◆ Aim of the task
Give back the whole listing word for word and skip each picture.

◆ Source data
────────

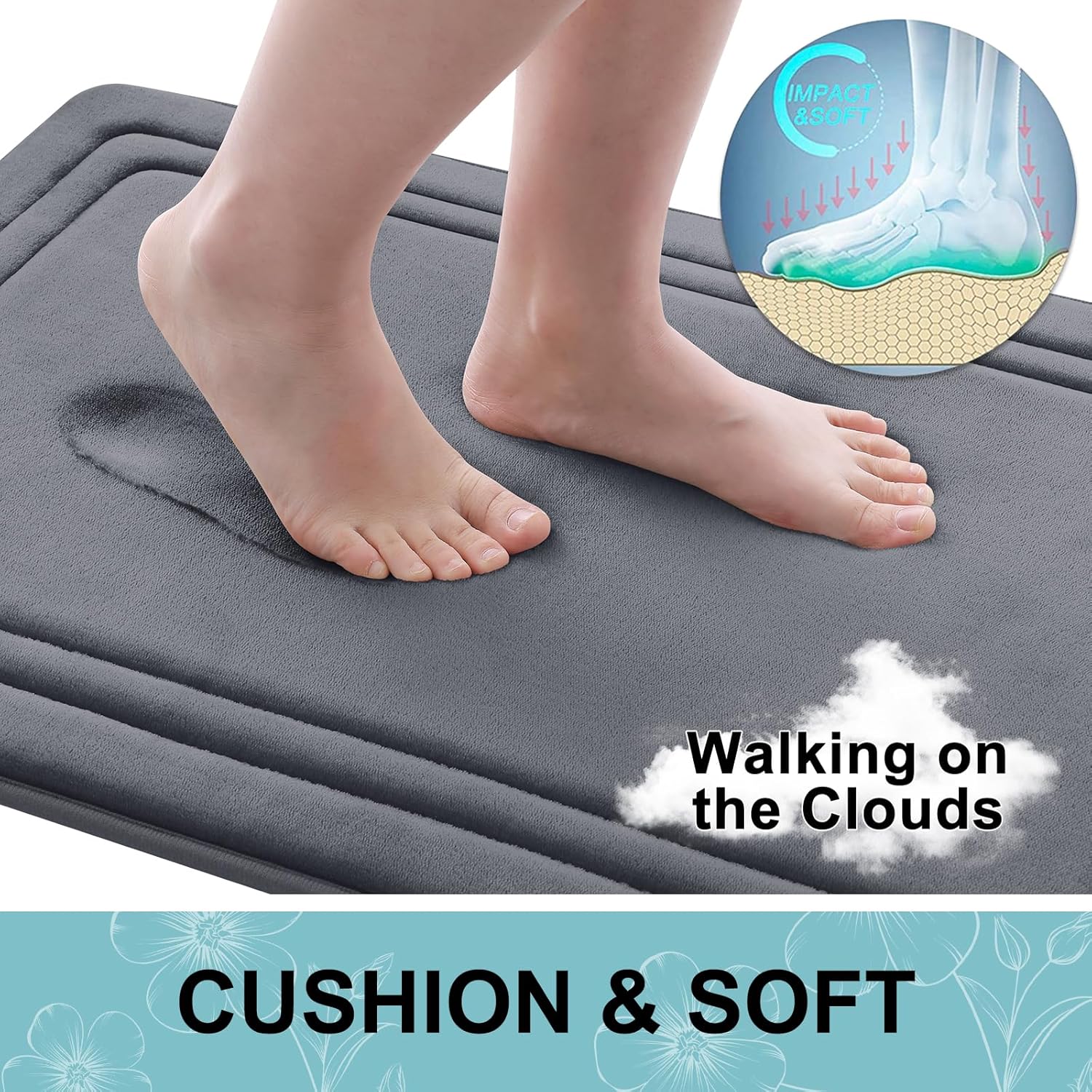 - [CLOUD-LIKE COMFORT] Imagine stepping onto a Grandaily memory foam bath mat and feeling the heavenly softness of microfiber flannel velvet cradling your feet. The thick memory foam provides gentle support, making it feel like you're standing on clouds.
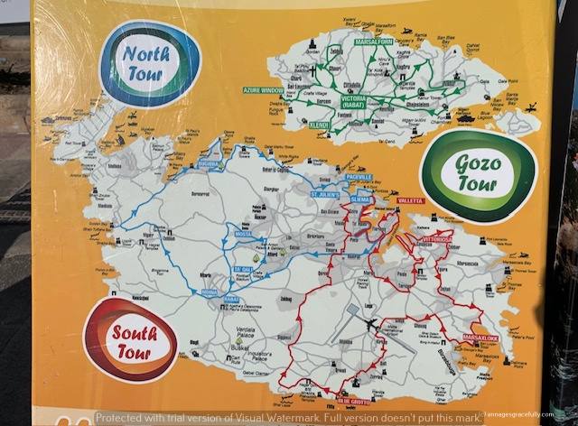 Voor de deur van het hotel – hoe lekker wil je het hebben 😊 – was de halte van de Hop on – Hop off bus. Er gaan twee routes over het eiland de zuidelijke route en de noordelijke route. Beide routes duren zo’n 3 uur als je nergens uitstapt. Dat hebben we in eerste instantie ook gedaan, eerst maar eens even de rondjes gemaakt en later besloten waar we er dan uit wilden. Uiteraard kun je ook met het normale openbaar vervoer gaan dat is een stuk goedkoper maar een dagticket met de hop on bus (en de oortjes die je daarbij krijgt zodat de gids je alles kan vertellen) kost 23 euro per persoon. Een meerdaagse ticket is goedkoper en je kunt het ook nog combineren met de haven cruise.
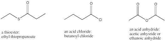 Figure IM12.7. Less common carboxyloids: thioesters, acid chlorides, and acid anhydrides.
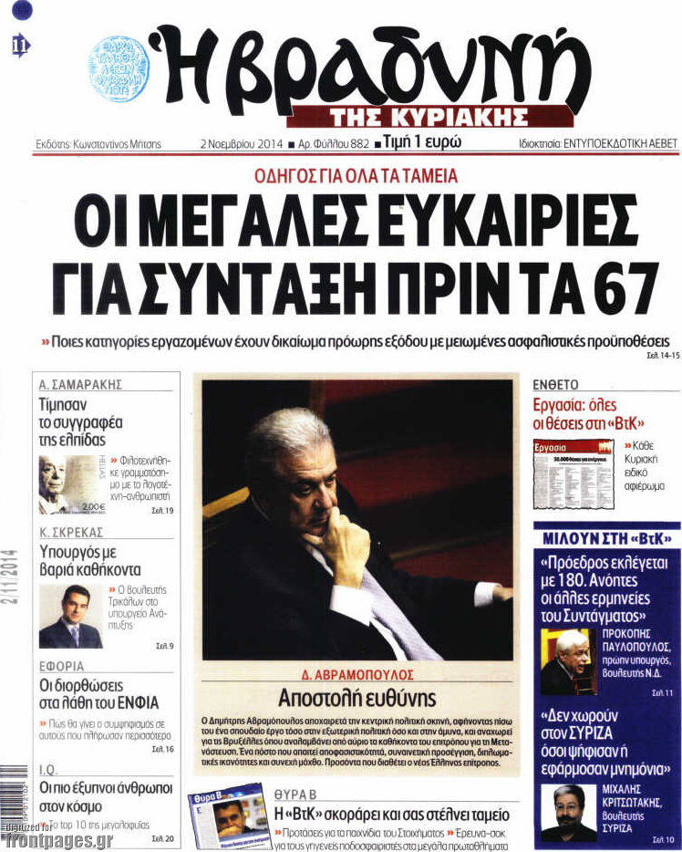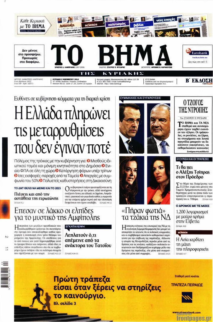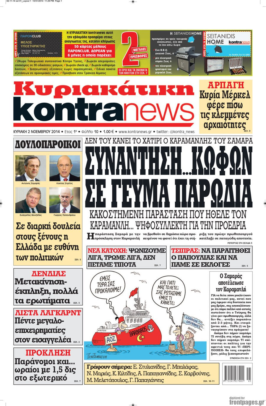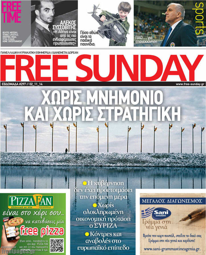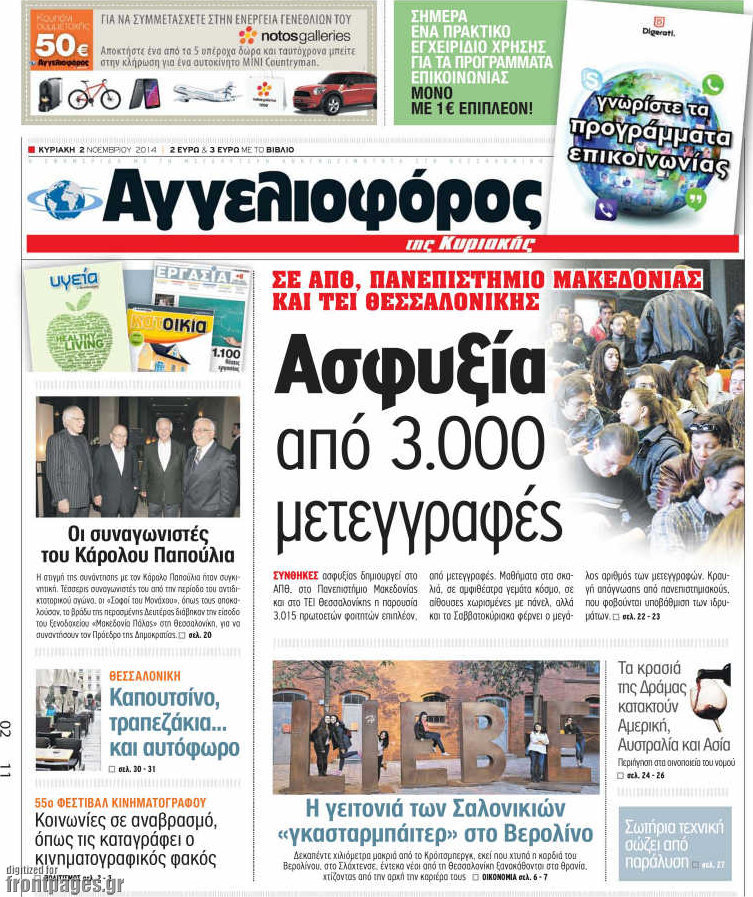 Οι πολιτικές εφημερίδες Enikos Newsroom 07:46, Κυριακή 02 Νοεμβρίου 2014 Media Οι πολιτικές εφημερίδες Διαβάστε τα πρωτοσέλιδα των πολιτικών εφημερίδων. ΠΟΛΙΤΙΚΕΣ ΕΦΗΜΕΡΙΔΕΣ ΠΡΩΤΟΣΕΛΙΔΑ Μοιράσου το: σχολίασε κι εσύ (0 σχόλια) Ακολουθήστε το enikos.gr στο Google News και μάθετε πρώτοι όλες τις ειδήσεις Δείτε όλες τις τελευταίες ειδήσεις από την Ελλάδα και τον Κόσμο στο enikos.gr Ειδήσεις Ροή Ειδήσεων 4 ώρες πριν Χριστούγεννα στα μπλόκα: Επιμένουν στις κινητοποιήσεις τους οι αγρότες – Ανοίγουν τα διόδια το Σαββατοκύριακο 4 ώρες πριν Ουκρανία: Η άνευ προηγουμένου επίθεση σε ρωσικό τάνκερ στη Μεσόγειο και το μήνυμα προς στον Πούτιν – Το «μακρύ χέρι» του Κιέβου 3 ώρες πριν Πούτιν: Τα μηνύματα σε Ευρώπη και ΝΑΤΟ από το μαραθώνιο «σόου» του – Η απαίτηση για «σεβασμό» και η ειρήνη «με τους όρους» της Μόσχας 4 ώρες πριν Τραμπ: Δεν αποκλείει την πιθανότητα ενός πολέμου στη Βενεζουέλα – «Ο Μαδούρο ξέρει καλύτερα από τον καθένα τι ακριβώς θέλω» 5 ώρες πριν Συνεχίζει να προκαλεί ο Μίτσκοσκι: «Για μένα το όνομα Μακεδονία είναι ιερό» 3 ώρες πριν Ανακαλύφθηκαν αρχαία χρυσά νομίσματα 2.200 ετών που απεικονίζουν τον θεό Απόλλωνα – Η άγνωστη σύνδεση με τον Φίλιππο Β΄ της Μακεδονίας 4 ώρες πριν Ύπνος: Μια κρυφή κατάσταση του εγκεφάλου πριν από τον ύπνο μπορεί να είναι το “κλειδί” για υψηλή ευφυΐα και δημιουργικότητα 5 ώρες πριν Αριθμολογία: Οι άνθρωποι που έχουν γεννηθεί αυτές τις 4 ημερομηνίες, συχνά παρεξηγούνται – «Η καλοσύνη τους κρύβει τεράστια δύναμη» 6 ώρες πριν Ξεχάστε το καθάρισμα το Σαββατοκύριακο: Ο «κανόνας των 20 λεπτών» που θα σας λύσει τα χέρια 39 δευτερόλεπτα πριν Εξάρχεια: Ένταση με μολότοφ, χημικά και κρότου λάμψης 16 λεπτά πριν ΗΠΑ: Τραγωδία στην Αλαμπάμα – Σκότωσε την δημοσιογράφο σύζυγό του και αυτοκτόνησε μπροστά στον 3χρονο γιο τους 31 λεπτά πριν Πρόταση γάμου στο ΣΕΦ κατά την διάρκεια του αγώνα Ολυμπιακός-Βιλερμπάν – Δείτε βίντεο 46 λεπτά πριν Euroleague: Επέστρεψε στις νίκες ο Ολυμπιακός, πήρε την ματσάρα της χρονιάς η Μπάρτσα – Τα αποτελέσματα και η βαθμολογία 1 ώρα πριν Συρία: Μαζικά πλήγματα των ΗΠΑ σε θέσεις του Ισλαμικού Κράτους – Χέγκσεθ: «Δεν είναι αρχή πολέμου, είναι μια δήλωση εκδίκησης» για το θάνατο των στρατιωτών μας ENIKOS NETWORK Το ΕΚΑΒ τιμήθηκε από την Ακαδημία Αθηνών για τα 40 χρόνια προσφοράς του Έχετε πραγματικά μεγάλη καρδιά; 10 χαρακτηριστικά όσων έχουν καλοσύνη Αναστολή μέτρων αναγκαστικής εκτέλεσης για κτηνοτρόφους που πλήττονται από την ευλογιά των αιγοπροβάτων Πλήρης επάρκεια προϊόντων στις λαϊκές της Αττικής, παρά τις αγροτικές κινητοποιήσεις – Τι απαντούν οι πωλητές Χαρτογραφώντας το «σημείο χωρίς επιστροφή»: Για πρώτη φορά αποκαλύπτεται με λεπτομέρεια το ακανθώδες όριο της ατμόσφαιρας τ... Η Google καταργεί τη λειτουργία «dark web report» – Πώς θα μπορούν οι χρήστες να διαγράφουν τα δεδομένα τους περισσότερα 22:42 , Παρασκευή 19 Δεκεμβρίου 2025 Γιώργος Γιαννόπουλος για “Το σόι σου”: “Είναι ευτυχία και ευλογία αυτή η σειρά” «Είναι ευτυχία και ευλογία η συγκυρία αυτής της σειράς», θα πει ο Γιώργος Γιαννόπουλος -ο αγαπ... 20:37 , Παρασκευή 19 Δεκεμβρίου 2025 Don’t Forget The Lyrics: Η Έλλη Κοκκίνου υποδέχεται 4 παίκτες που θα κάνουν τα πάντα για να μη χάσουν ούτε… μισή λέξη από τους στίχους Το «Don’t Forget The Lyrics» επιστρέφει απόψε, Παρασκευή 19 Δεκεμβρίου, στις 21:00 με νέο επει... 19:31 , Παρασκευή 19 Δεκεμβρίου 2025 GNTM: Απόψε ο μεγάλος τελικός για τους 4 φιναλίστ Έπειτα από μήνες γεμάτους μό

────────

◆ Solution to this exercise
 - [CLOUD-LIKE COMFORT] Imagine stepping onto a Grandaily memory foam bath mat and feeling the heavenly softness of microfiber flannel velvet cradling your feet. The thick memory foam provides gentle support, making it feel like you're standing on clouds.
 Voor de deur van het hotel – hoe lekker wil je het hebben 😊 – was de halte van de Hop on – Hop off bus. Er gaan twee routes over het eiland de zuidelijke route en de noordelijke route. Beide routes duren zo’n 3 uur als je nergens uitstapt. Dat hebben we in eerste instantie ook gedaan, eerst maar eens even de rondjes gemaakt en later besloten waar we er dan uit wilden. Uiteraard kun je ook met het normale openbaar vervoer gaan dat is een stuk goedkoper maar een dagticket met de hop on bus (en de oortjes die je daarbij krijgt zodat de gids je alles kan vertellen) kost 23 euro per persoon. Een meerdaagse ticket is goedkoper en je kunt het ook nog combineren met de haven cruise.
 Figure IM12.7. Less common carboxyloids: thioesters, acid chlorides, and acid anhydrides.
 Οι πολιτικές εφημερίδες Enikos Newsroom 07:46, Κυριακή 02 Νοεμβρίου 2014 Media Οι πολιτικές εφημερίδες Διαβάστε τα πρωτοσέλιδα των πολιτικών εφημερίδων. ΠΟΛΙΤΙΚΕΣ ΕΦΗΜΕΡΙΔΕΣ ΠΡΩΤΟΣΕΛΙΔΑ Μοιράσου το: σχολίασε κι εσύ (0 σχόλια) Ακολουθήστε το enikos.gr στο Google News και μάθετε πρώτοι όλες τις ειδήσεις Δείτε όλες τις τελευταίες ειδήσεις από την Ελλάδα και τον Κόσμο στο enikos.gr Ειδήσεις Ροή Ειδήσεων 4 ώρες πριν Χριστούγεννα στα μπλόκα: Επιμένουν στις κινητοποιήσεις τους οι αγρότες – Ανοίγουν τα διόδια το Σαββατοκύριακο 4 ώρες πριν Ουκρανία: Η άνευ προηγουμένου επίθεση σε ρωσικό τάνκερ στη Μεσόγειο και το μήνυμα προς στον Πούτιν – Το «μακρύ χέρι» του Κιέβου 3 ώρες πριν Πούτιν: Τα μηνύματα σε Ευρώπη και ΝΑΤΟ από το μαραθώνιο «σόου» του – Η απαίτηση για «σεβασμό» και η ειρήνη «με τους όρους» της Μόσχας 4 ώρες πριν Τραμπ: Δεν αποκλείει την πιθανότητα ενός πολέμου στη Βενεζουέλα – «Ο Μαδούρο ξέρει καλύτερα από τον καθένα τι ακριβώς θέλω» 5 ώρες πριν Συνεχίζει να προκαλεί ο Μίτσκοσκι: «Για μένα το όνομα Μακεδονία είναι ιερό» 3 ώρες πριν Ανακαλύφθηκαν αρχαία χρυσά νομίσματα 2.200 ετών που απεικονίζουν τον θεό Απόλλωνα – Η άγνωστη σύνδεση με τον Φίλιππο Β΄ της Μακεδονίας 4 ώρες πριν Ύπνος: Μια κρυφή κατάσταση του εγκεφάλου πριν από τον ύπνο μπορεί να είναι το “κλειδί” για υψηλή ευφυΐα και δημιουργικότητα 5 ώρες πριν Αριθμολογία: Οι άνθρωποι που έχουν γεννηθεί αυτές τις 4 ημερομηνίες, συχνά παρεξηγούνται – «Η καλοσύνη τους κρύβει τεράστια δύναμη» 6 ώρες πριν Ξεχάστε το καθάρισμα το Σαββατοκύριακο: Ο «κανόνας των 20 λεπτών» που θα σας λύσει τα χέρια 39 δευτερόλεπτα πριν Εξάρχεια: Ένταση με μολότοφ, χημικά και κρότου λάμψης 16 λεπτά πριν ΗΠΑ: Τραγωδία στην Αλαμπάμα – Σκότωσε την δημοσιογράφο σύζυγό του και αυτοκτόνησε μπροστά στον 3χρονο γιο τους 31 λεπτά πριν Πρόταση γάμου στο ΣΕΦ κατά την διάρκεια του αγώνα Ολυμπιακός-Βιλερμπάν – Δείτε βίντεο 46 λεπτά πριν Euroleague: Επέστρεψε στις νίκες ο Ολυμπιακός, πήρε την ματσάρα της χρονιάς η Μπάρτσα – Τα αποτελέσματα και η βαθμολογία 1 ώρα πριν Συρία: Μαζικά πλήγματα των ΗΠΑ σε θέσεις του Ισλαμικού Κράτους – Χέγκσεθ: «Δεν είναι αρχή πολέμου, είναι μια δήλωση εκδίκησης» για το θάνατο των στρατιωτών μας ENIKOS NETWORK Το ΕΚΑΒ τιμήθηκε από την Ακαδημία Αθηνών για τα 40 χρόνια προσφοράς του Έχετε πραγματικά μεγάλη καρδιά; 10 χαρακτηριστικά όσων έχουν καλοσύνη Αναστολή μέτρων αναγκαστικής εκτέλεσης για κτηνοτρόφους που πλήττονται από την ευλογιά των αιγοπροβάτων Πλήρης επάρκεια προϊόντων στις λαϊκές της Αττικής, παρά τις αγροτικές κινητοποιήσεις – Τι απαντούν οι πωλητές Χαρτογραφώντας το «σημείο χωρίς επιστροφή»: Για πρώτη φορά αποκαλύπτεται με λεπτομέρεια το ακανθώδες όριο της ατμόσφαιρας τ... Η Google καταργεί τη λειτουργία «dark web report» – Πώς θα μπορούν οι χρήστες να διαγράφουν τα δεδομένα τους περισσότερα 22:42 , Παρασκευή 19 Δεκεμβρίου 2025 Γιώργος Γιαννόπουλος για “Το σόι σου”: “Είναι ευτυχία και ευλογία αυτή η σειρά” «Είναι ευτυχία και ευλογία η συγκυρία αυτής της σειράς», θα πει ο Γιώργος Γιαννόπουλος -ο αγαπ... 20:37 , Παρασκευή 19 Δεκεμβρίου 2025 Don’t Forget The Lyrics: Η Έλλη Κοκκίνου υποδέχεται 4 παίκτες που θα κάνουν τα πάντα για να μη χάσουν ούτε… μισή λέξη από τους στίχους Το «Don’t Forget The Lyrics» επιστρέφει απόψε, Παρασκευή 19 Δεκεμβρίου, στις 21:00 με νέο επει... 19:31 , Παρασκευή 19 Δεκεμβρίου 2025 GNTM: Απόψε ο μεγάλος τελικός για τους 4 φιναλίστ Έπειτα από μήνες γεμάτους μό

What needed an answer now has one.